Exercise instructions
Word for word, transcribe every line from the one holding "According to the" through the end of the records, but not the pictures.

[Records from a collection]
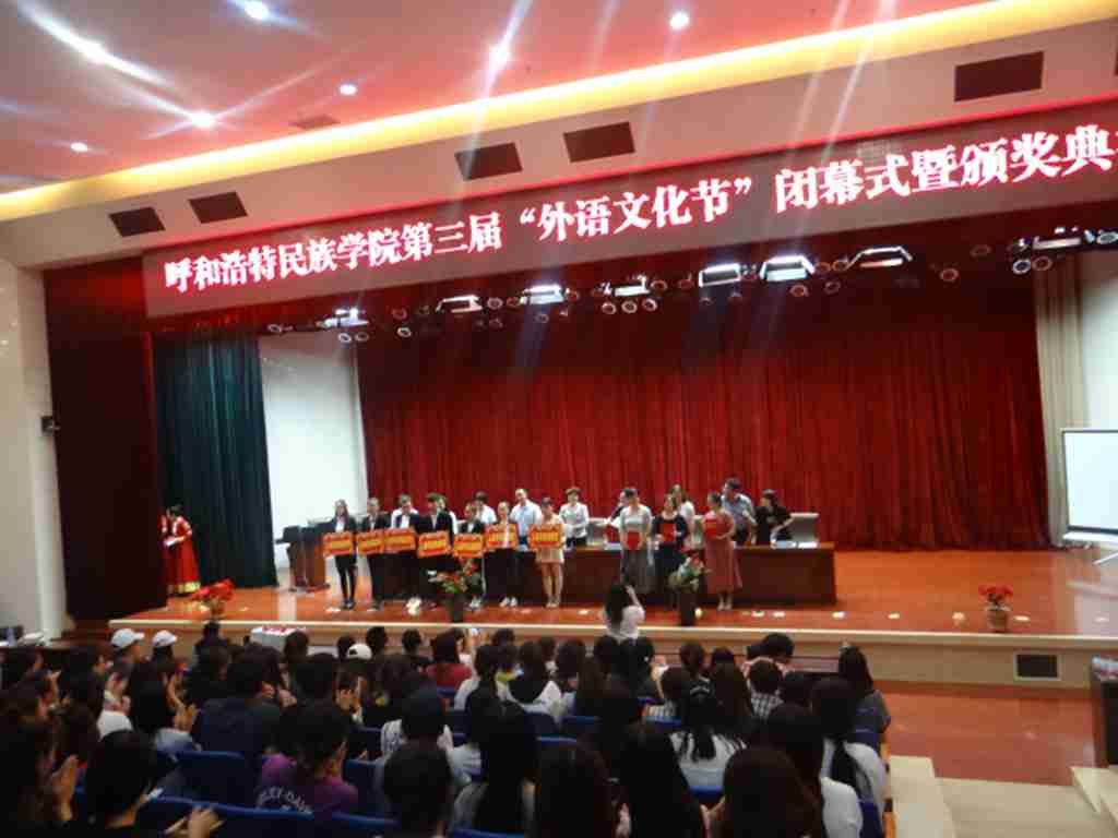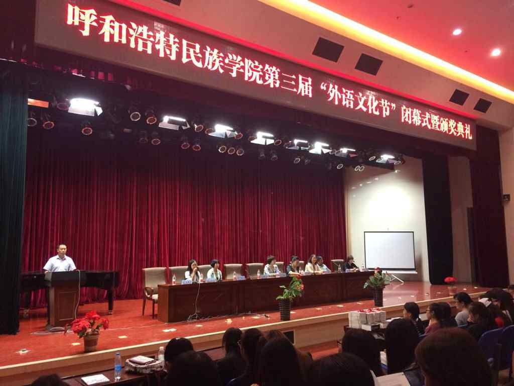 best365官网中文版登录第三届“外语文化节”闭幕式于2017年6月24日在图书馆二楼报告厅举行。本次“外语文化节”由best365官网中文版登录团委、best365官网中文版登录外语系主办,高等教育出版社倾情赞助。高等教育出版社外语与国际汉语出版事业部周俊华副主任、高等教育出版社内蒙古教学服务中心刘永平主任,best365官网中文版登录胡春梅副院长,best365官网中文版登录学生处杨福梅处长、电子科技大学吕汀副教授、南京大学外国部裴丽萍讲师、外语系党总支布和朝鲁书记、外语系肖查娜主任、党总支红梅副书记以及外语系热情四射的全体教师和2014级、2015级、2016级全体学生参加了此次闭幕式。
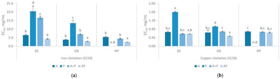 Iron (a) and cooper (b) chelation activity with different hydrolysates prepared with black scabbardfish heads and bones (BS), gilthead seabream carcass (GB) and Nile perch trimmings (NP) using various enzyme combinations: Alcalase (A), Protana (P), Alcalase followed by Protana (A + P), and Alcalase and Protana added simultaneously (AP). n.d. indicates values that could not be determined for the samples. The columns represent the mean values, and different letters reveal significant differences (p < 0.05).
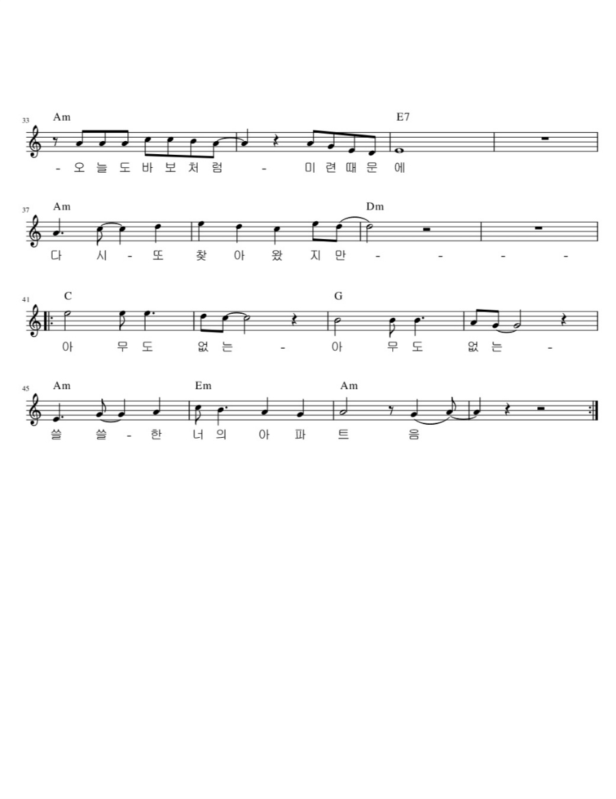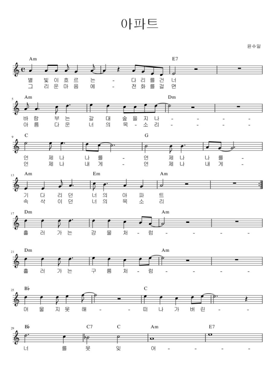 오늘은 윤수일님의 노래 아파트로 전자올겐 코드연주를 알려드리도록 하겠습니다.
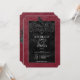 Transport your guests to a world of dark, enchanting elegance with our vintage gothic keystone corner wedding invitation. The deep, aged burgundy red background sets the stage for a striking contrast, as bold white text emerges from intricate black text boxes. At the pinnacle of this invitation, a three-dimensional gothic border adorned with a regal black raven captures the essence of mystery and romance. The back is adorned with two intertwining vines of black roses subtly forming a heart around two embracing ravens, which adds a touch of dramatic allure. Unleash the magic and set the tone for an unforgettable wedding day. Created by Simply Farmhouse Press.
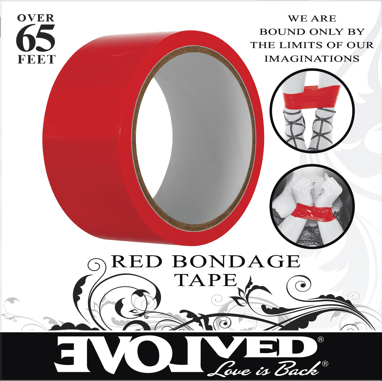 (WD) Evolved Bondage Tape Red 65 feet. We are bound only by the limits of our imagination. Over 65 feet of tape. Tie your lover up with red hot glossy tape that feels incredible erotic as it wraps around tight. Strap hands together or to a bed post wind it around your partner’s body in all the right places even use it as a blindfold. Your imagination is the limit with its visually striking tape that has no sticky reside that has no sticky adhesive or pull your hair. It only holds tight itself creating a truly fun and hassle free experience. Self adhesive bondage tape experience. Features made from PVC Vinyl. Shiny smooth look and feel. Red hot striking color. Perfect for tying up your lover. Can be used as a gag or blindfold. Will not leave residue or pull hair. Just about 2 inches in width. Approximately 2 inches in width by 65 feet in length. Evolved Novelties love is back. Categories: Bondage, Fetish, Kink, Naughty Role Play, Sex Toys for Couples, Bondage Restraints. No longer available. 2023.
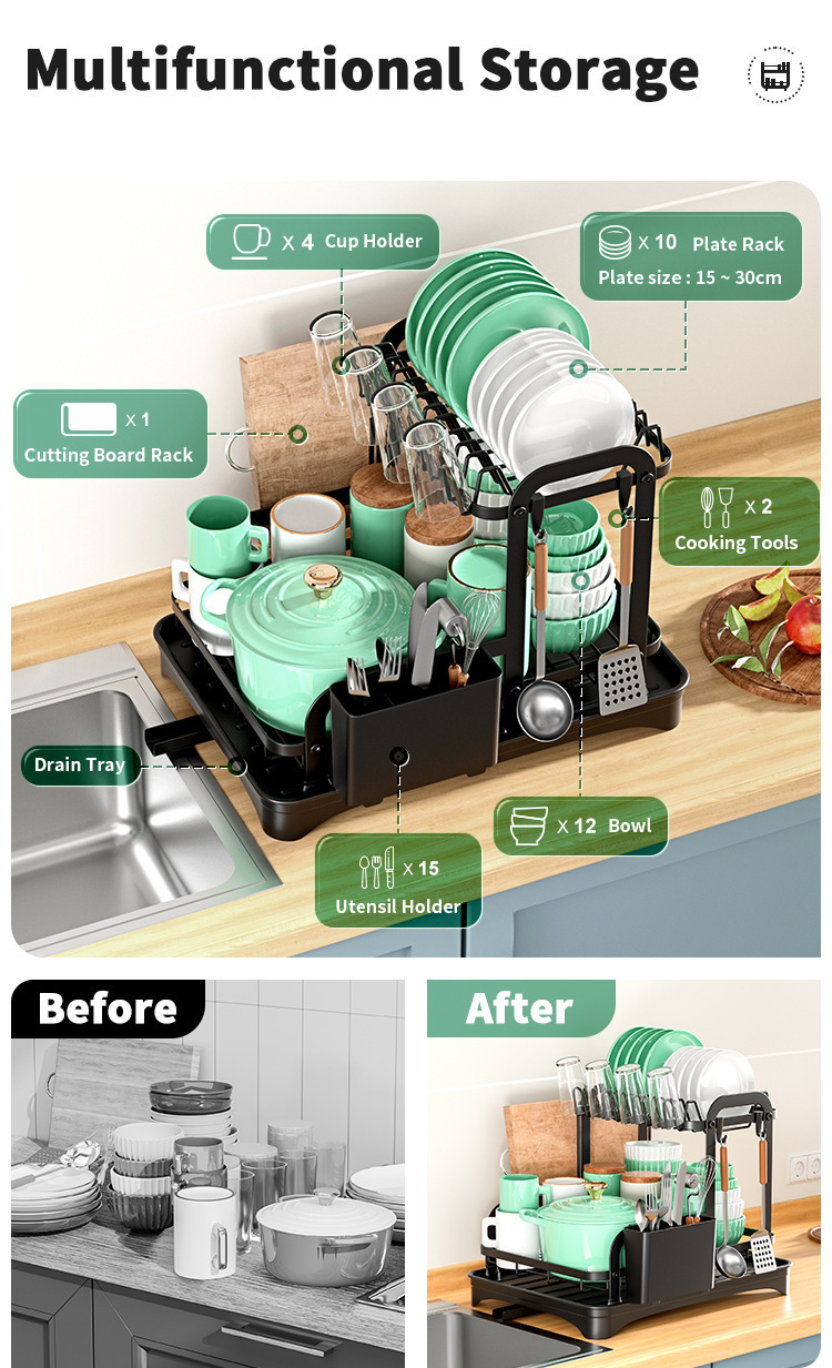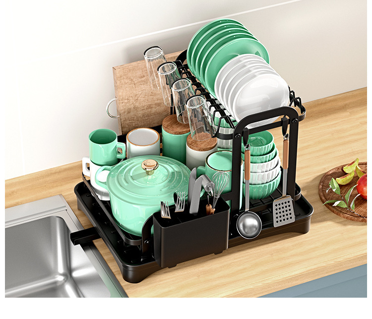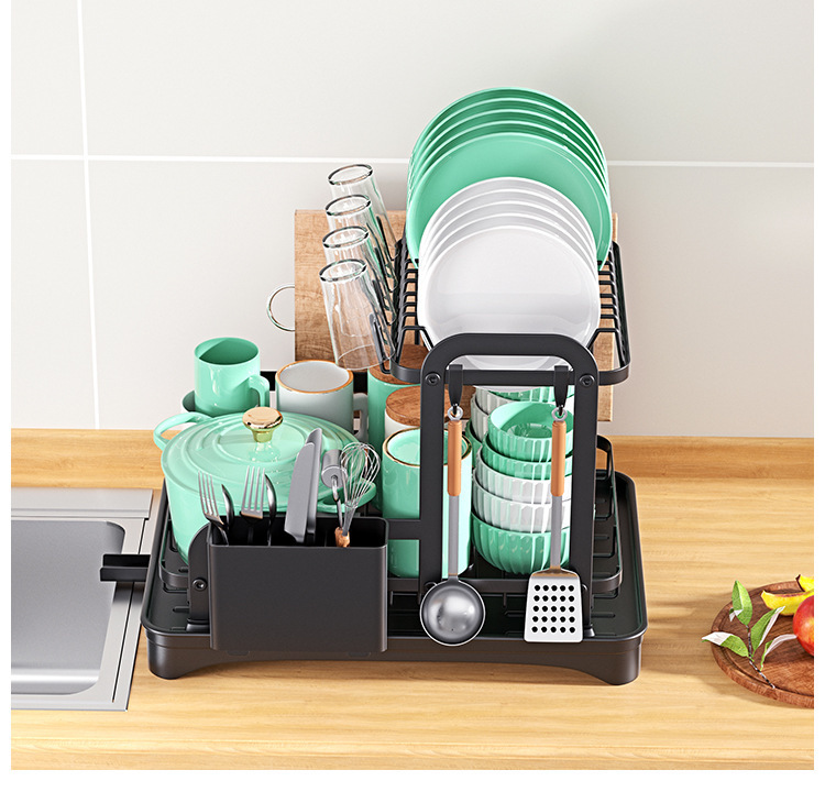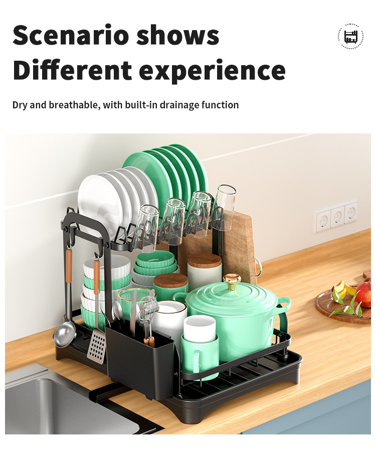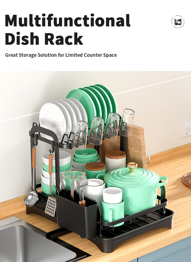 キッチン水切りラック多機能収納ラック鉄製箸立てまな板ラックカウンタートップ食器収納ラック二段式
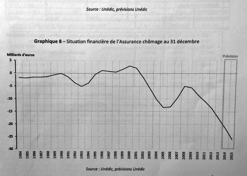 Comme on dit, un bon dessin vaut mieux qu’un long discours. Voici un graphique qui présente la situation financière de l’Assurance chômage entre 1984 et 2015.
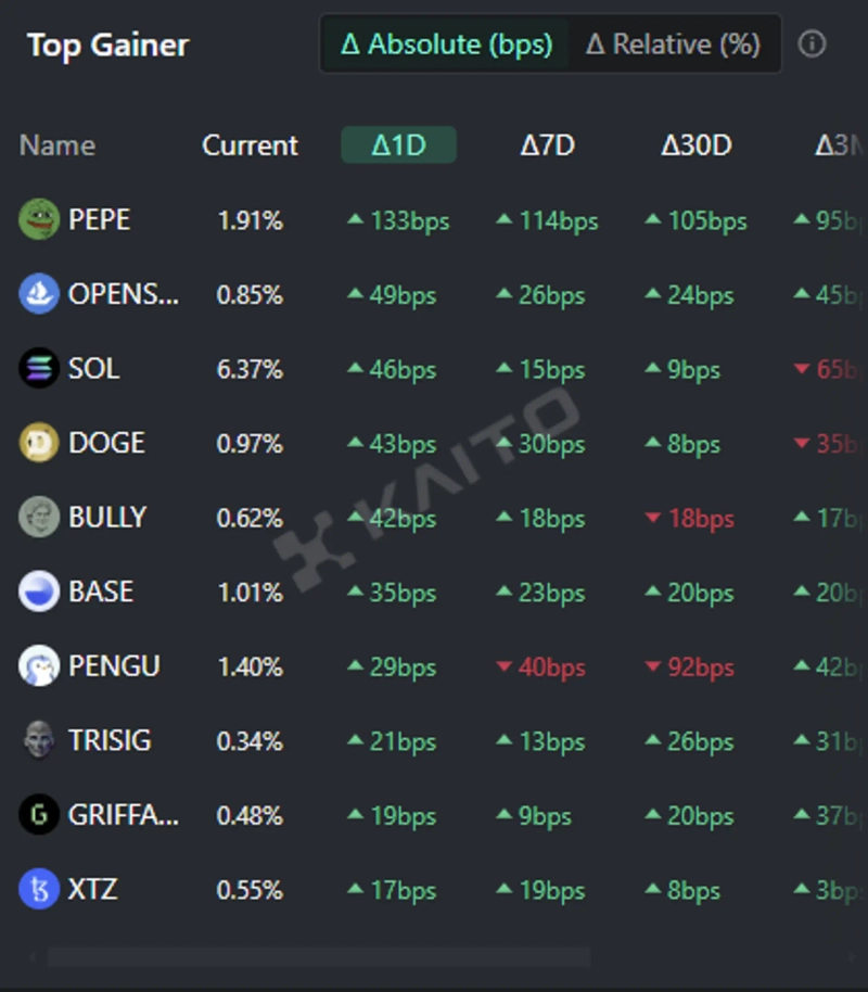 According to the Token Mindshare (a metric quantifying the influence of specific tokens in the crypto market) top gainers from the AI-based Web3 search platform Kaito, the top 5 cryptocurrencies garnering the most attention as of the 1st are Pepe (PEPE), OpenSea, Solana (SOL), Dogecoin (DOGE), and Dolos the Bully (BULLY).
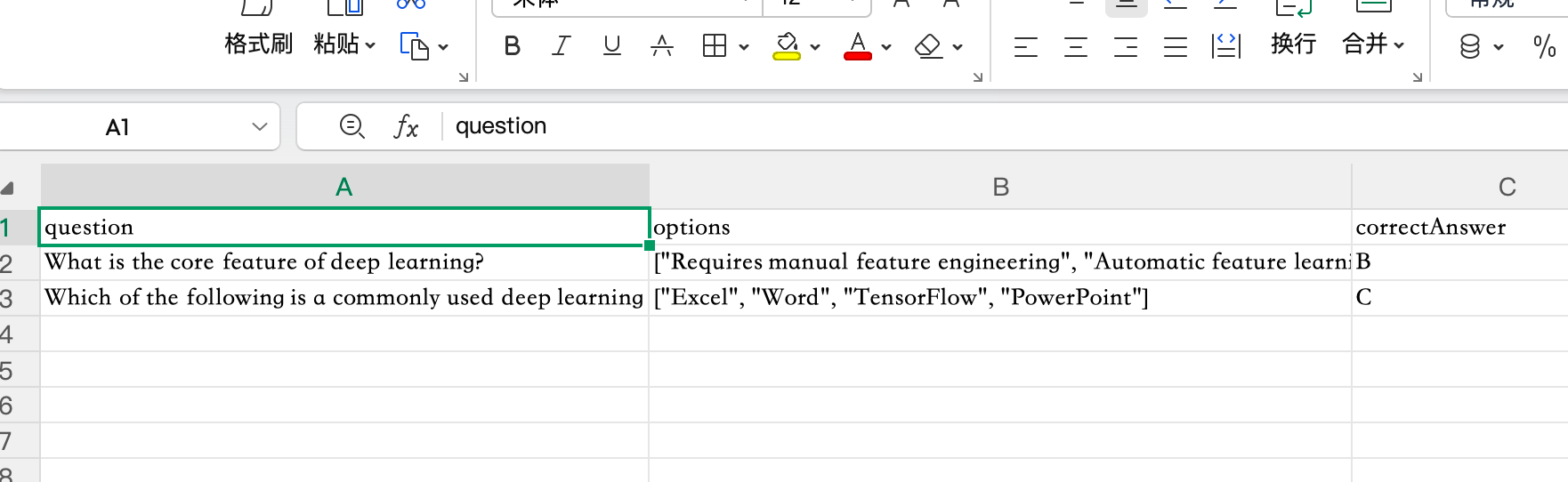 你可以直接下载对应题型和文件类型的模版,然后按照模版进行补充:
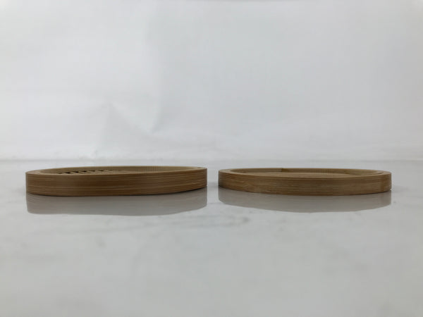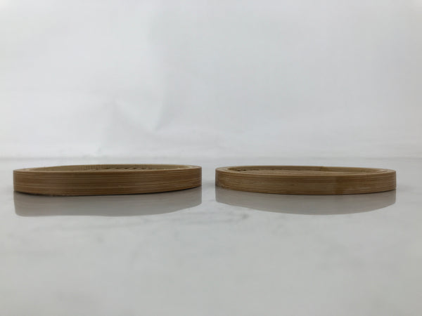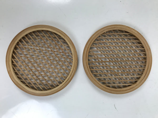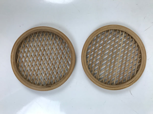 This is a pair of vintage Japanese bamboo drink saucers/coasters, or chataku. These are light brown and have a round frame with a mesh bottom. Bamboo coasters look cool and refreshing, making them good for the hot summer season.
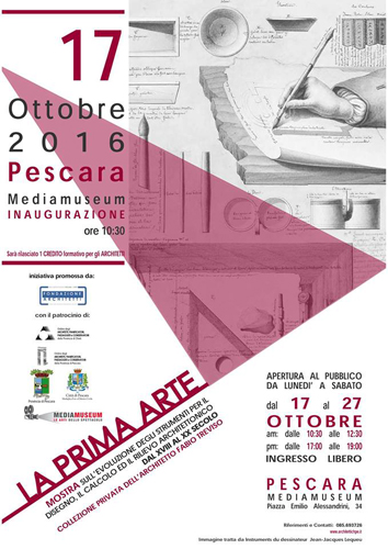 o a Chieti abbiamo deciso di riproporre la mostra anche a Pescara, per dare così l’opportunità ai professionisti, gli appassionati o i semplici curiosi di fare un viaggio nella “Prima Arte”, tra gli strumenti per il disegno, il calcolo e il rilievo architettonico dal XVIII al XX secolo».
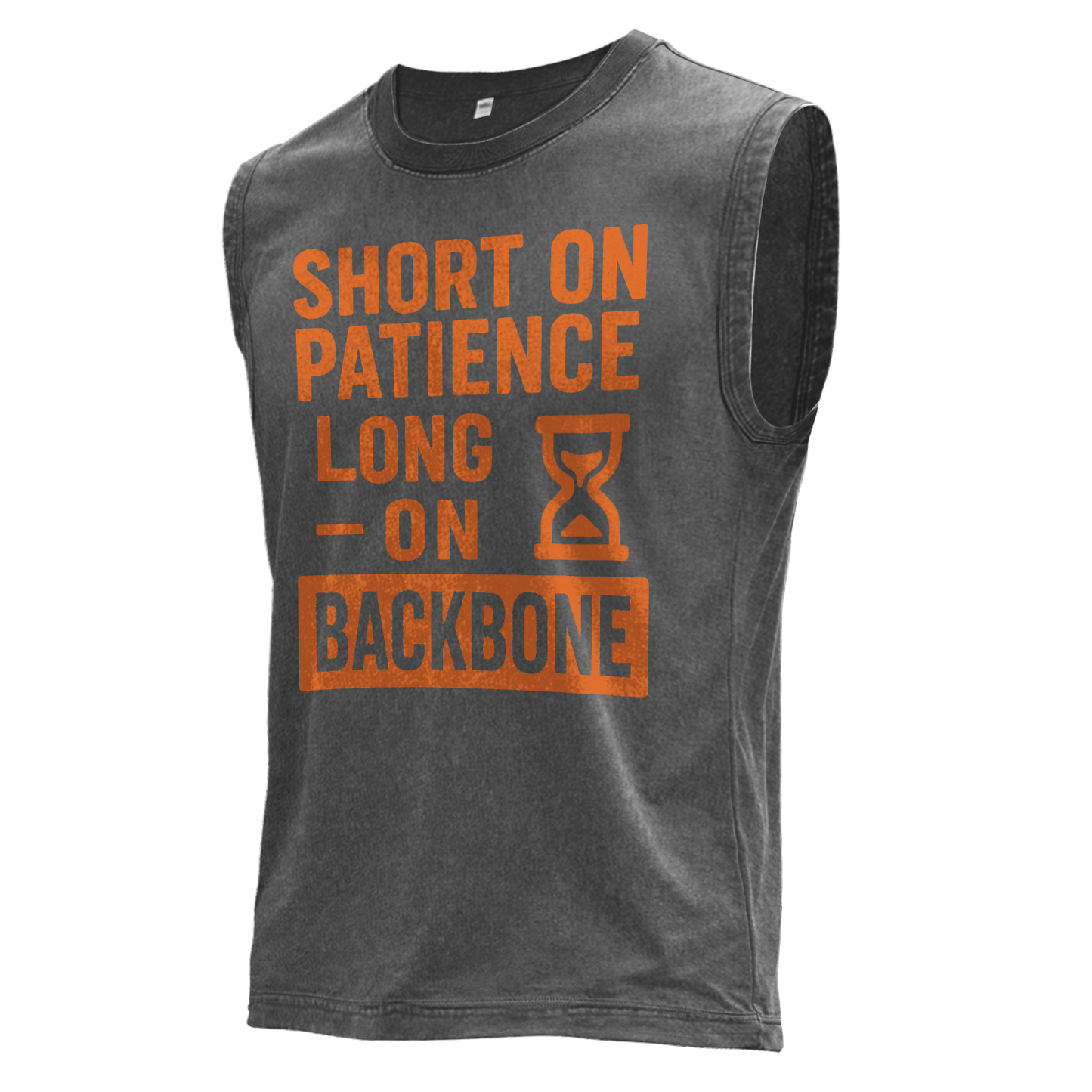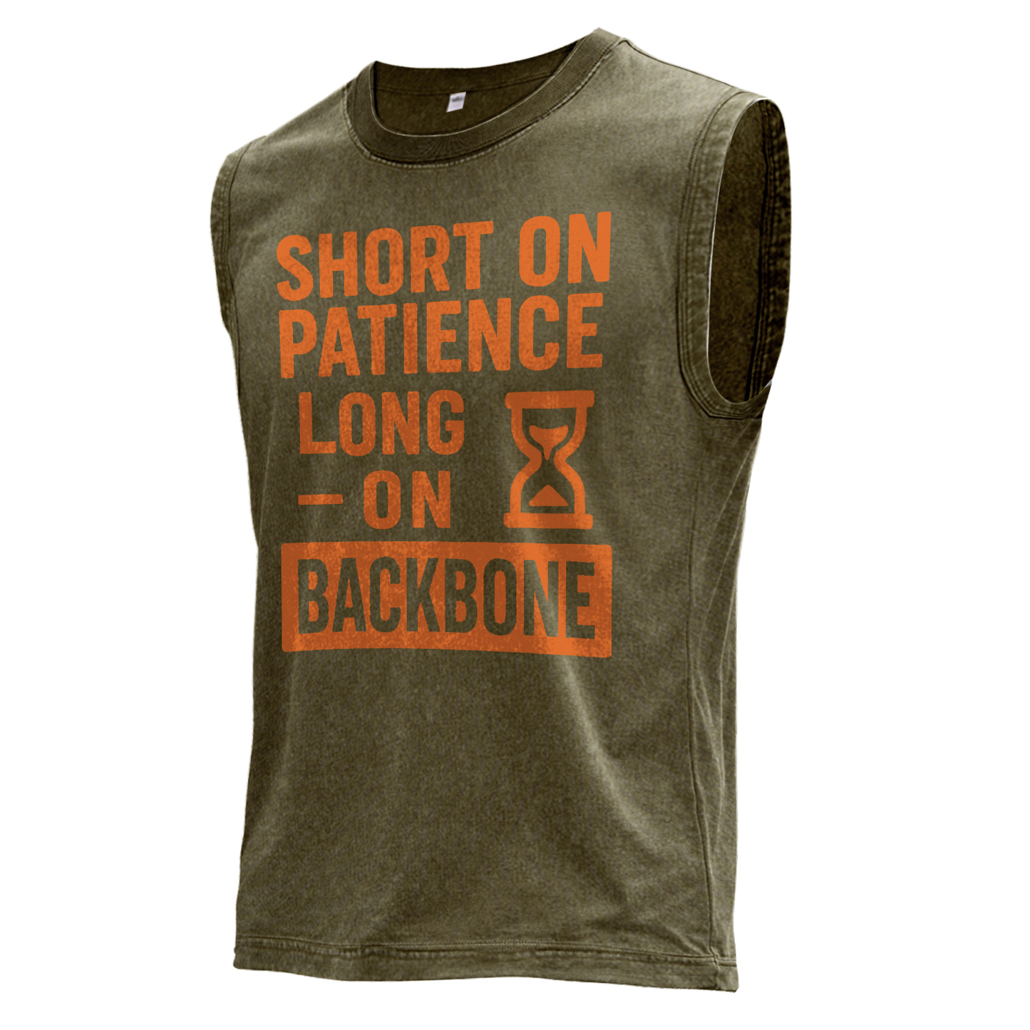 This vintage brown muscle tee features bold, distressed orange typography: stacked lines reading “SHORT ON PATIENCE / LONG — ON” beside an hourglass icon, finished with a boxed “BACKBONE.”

Output below
 According to the Token Mindshare (a metric quantifying the influence of specific tokens in the crypto market) top gainers from the AI-based Web3 search platform Kaito, the top 5 cryptocurrencies garnering the most attention as of the 1st are Pepe (PEPE), OpenSea, Solana (SOL), Dogecoin (DOGE), and Dolos the Bully (BULLY).
 你可以直接下载对应题型和文件类型的模版,然后按照模版进行补充:
 This is a pair of vintage Japanese bamboo drink saucers/coasters, or chataku. These are light brown and have a round frame with a mesh bottom. Bamboo coasters look cool and refreshing, making them good for the hot summer season.
 o a Chieti abbiamo deciso di riproporre la mostra anche a Pescara, per dare così l’opportunità ai professionisti, gli appassionati o i semplici curiosi di fare un viaggio nella “Prima Arte”, tra gli strumenti per il disegno, il calcolo e il rilievo architettonico dal XVIII al XX secolo».
 This vintage brown muscle tee features bold, distressed orange typography: stacked lines reading “SHORT ON PATIENCE / LONG — ON” beside an hourglass icon, finished with a boxed “BACKBONE.”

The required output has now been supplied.